Trading volumes may be light, but there have been very little blocks of stock for sale in the past two weeks.
Some say it is due to tax purposes (some swing guys sitting on some profits, as opposed to previous years where there might be more tax loss selling), others just note that large vanilla funds need to hold on and do the usual window dressing going into the close, others note that fundamentals have simply changed: the economy doing better, sovereign wealth fears have abated (for now — bond auctions begin anew next year), QE (quantitative easing) continues, and the majority of mutuals have beat their benchmarks this year.
There may be another issue at work: December has been a good month for new highs. "Liquidity is always thinner when a stock is making new highs, because there is no levels established for shorts to lean on," one trader noted to me.
1) Spain successfully sold 3 and 6 month bills, but at much higher yields than a month ago: 1.804 percent for the 3-month vs. 1.743 percent, and 2.597 vs. 2.111 for the 6-month.
2) U.S. banks were trading up fractionally in the pre-open. Again. (See where banks are trading now.) After being pariahs all year, December has turned into one of the best months for banks in a long time: all the big names are up double-digits. They have been advancing despite headlines: WikiLeaks says they have documents harmful to at least one big bank, NJ threatening to block six big banks from foreclosing, rumors of new investigations everywhere. The reason they and other unloved groups keep advancing: traders are betting that as the broad market improves...there will be rotation into the unloved groups.
3) Car-Max rises 3 percent after beating estimates ($0.36 vs. $0.34 consensus). The used car retailer reported a 16 percent rise in same-store used car sales as customer traffic continued to rebound and as average prices rose 2.1 percent. CEO Tom Folliard noted that sales conversion also improved, partly because of "improvements in consumer credit availability."
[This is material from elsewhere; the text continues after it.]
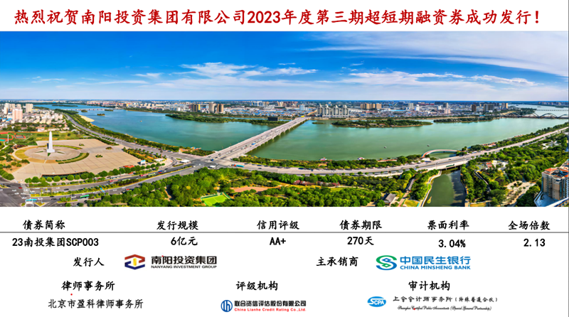 第三期超短期融資券(23南投集團SCP003)的成功發(fā)行,彰顯了南陽省域副中心城市的地位,更彰顯了南陽市委市政府的卓越領(lǐng)導,更是全市上下奮力拼搏譜新篇的最真實寫照。南陽投資集團作為南陽地區(qū)最大最強的國企,在本次發(fā)行工作中展現(xiàn)出強大的企業(yè)綜合實力和市場影響力,進一步加強了全國范圍內(nèi)市場化投資人對南陽區(qū)域和南陽投資集團的了解,集團憑借本次在資本市場上持續(xù)的強力表現(xiàn),繼續(xù)穩(wěn)居“強AA+”行列,為今后拿下AAA評級進一步打下堅實基礎(chǔ)。

4) Darden Restaurants falls 3 percent as the restaurant company's Q2 earnings were inline with estimates. While comps were up 2 percent at Olive Garden and up nearly 7 percent at LongHorn Steakhouse, they were down a disappointing 1.6 percent at Red Lobster. The company's earlier earnings growth forecast was reaffirmed, but the company warned that sales would be up just 2 percent this year - at the low end of its previous forecast.
5) ConAgra Foods reported Q2 earnings inline with Wall Street estimates. However, that match follows the foodmaker's warning a couple weeks ago. Although sales rose slightly more than analysts' expectations, the quarter was challenging for the company. ConAgra saw weaker response to promotions and higher-than-expected cost inflation. Price increase are expected to help in the second half of the year, and the despite the company's disappointing first half results, the firm reaffirms its full-year earnings outlook.